EXERCISE =>
Transcribe all the data below exactly, leaving its pictures out.

DATASET CONTENT =>
%%
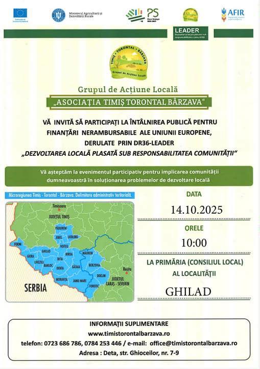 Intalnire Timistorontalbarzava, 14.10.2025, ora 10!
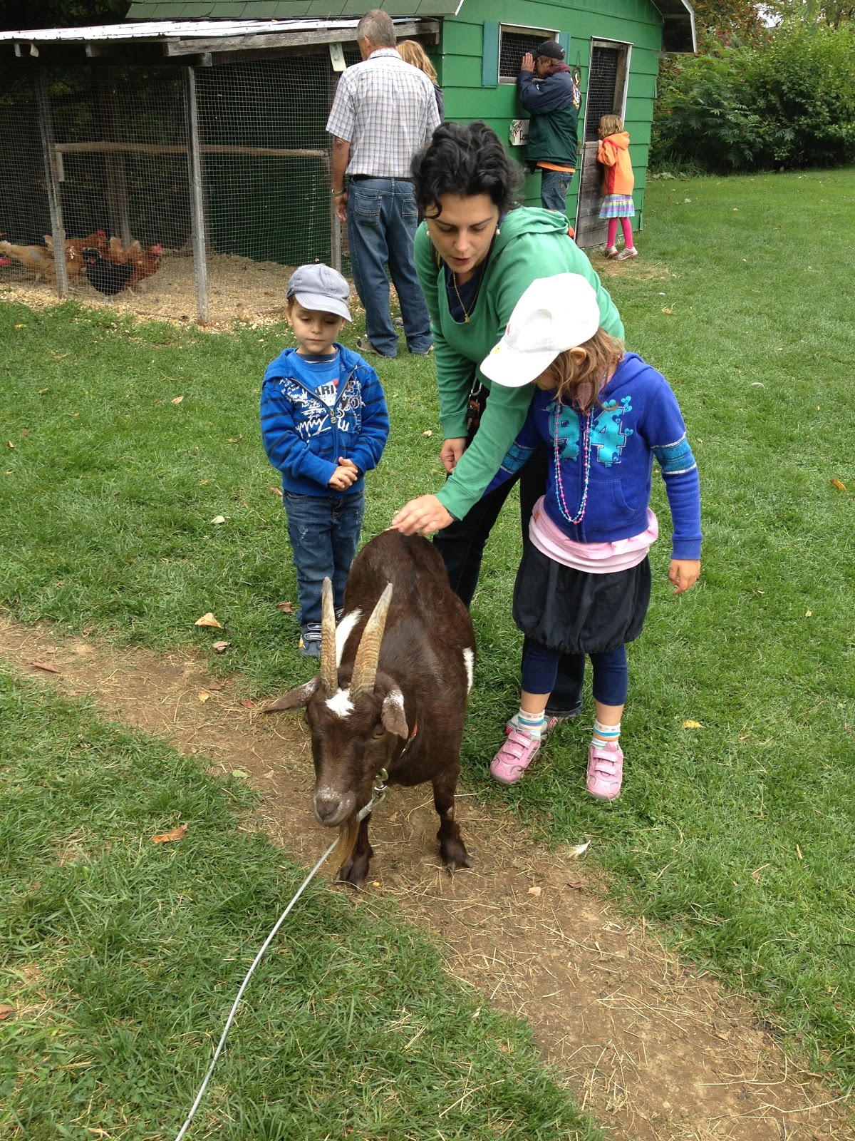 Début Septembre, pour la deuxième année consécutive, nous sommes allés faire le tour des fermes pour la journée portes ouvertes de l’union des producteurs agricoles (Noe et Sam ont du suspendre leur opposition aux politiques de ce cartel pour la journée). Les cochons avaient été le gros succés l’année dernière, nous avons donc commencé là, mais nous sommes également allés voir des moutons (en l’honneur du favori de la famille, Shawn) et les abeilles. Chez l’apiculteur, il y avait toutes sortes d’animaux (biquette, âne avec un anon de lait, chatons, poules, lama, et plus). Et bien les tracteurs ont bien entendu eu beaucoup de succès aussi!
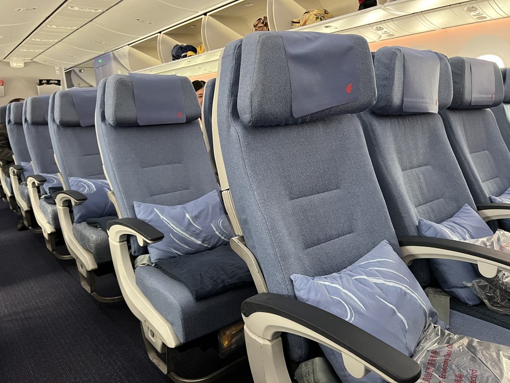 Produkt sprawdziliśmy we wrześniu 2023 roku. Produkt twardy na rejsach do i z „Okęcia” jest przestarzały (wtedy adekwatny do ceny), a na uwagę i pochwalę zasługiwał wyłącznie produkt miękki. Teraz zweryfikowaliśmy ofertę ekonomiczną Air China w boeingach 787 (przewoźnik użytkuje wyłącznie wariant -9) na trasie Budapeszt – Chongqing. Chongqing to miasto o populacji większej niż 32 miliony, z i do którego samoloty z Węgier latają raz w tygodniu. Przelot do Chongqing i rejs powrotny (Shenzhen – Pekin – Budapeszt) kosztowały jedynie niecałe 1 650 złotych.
%%
ANSWER SECTION =>
 Intalnire Timistorontalbarzava, 14.10.2025, ora 10!
 Début Septembre, pour la deuxième année consécutive, nous sommes allés faire le tour des fermes pour la journée portes ouvertes de l’union des producteurs agricoles (Noe et Sam ont du suspendre leur opposition aux politiques de ce cartel pour la journée). Les cochons avaient été le gros succés l’année dernière, nous avons donc commencé là, mais nous sommes également allés voir des moutons (en l’honneur du favori de la famille, Shawn) et les abeilles. Chez l’apiculteur, il y avait toutes sortes d’animaux (biquette, âne avec un anon de lait, chatons, poules, lama, et plus). Et bien les tracteurs ont bien entendu eu beaucoup de succès aussi!
 Produkt sprawdziliśmy we wrześniu 2023 roku. Produkt twardy na rejsach do i z „Okęcia” jest przestarzały (wtedy adekwatny do ceny), a na uwagę i pochwalę zasługiwał wyłącznie produkt miękki. Teraz zweryfikowaliśmy ofertę ekonomiczną Air China w boeingach 787 (przewoźnik użytkuje wyłącznie wariant -9) na trasie Budapeszt – Chongqing. Chongqing to miasto o populacji większej niż 32 miliony, z i do którego samoloty z Węgier latają raz w tygodniu. Przelot do Chongqing i rejs powrotny (Shenzhen – Pekin – Budapeszt) kosztowały jedynie niecałe 1 650 złotych.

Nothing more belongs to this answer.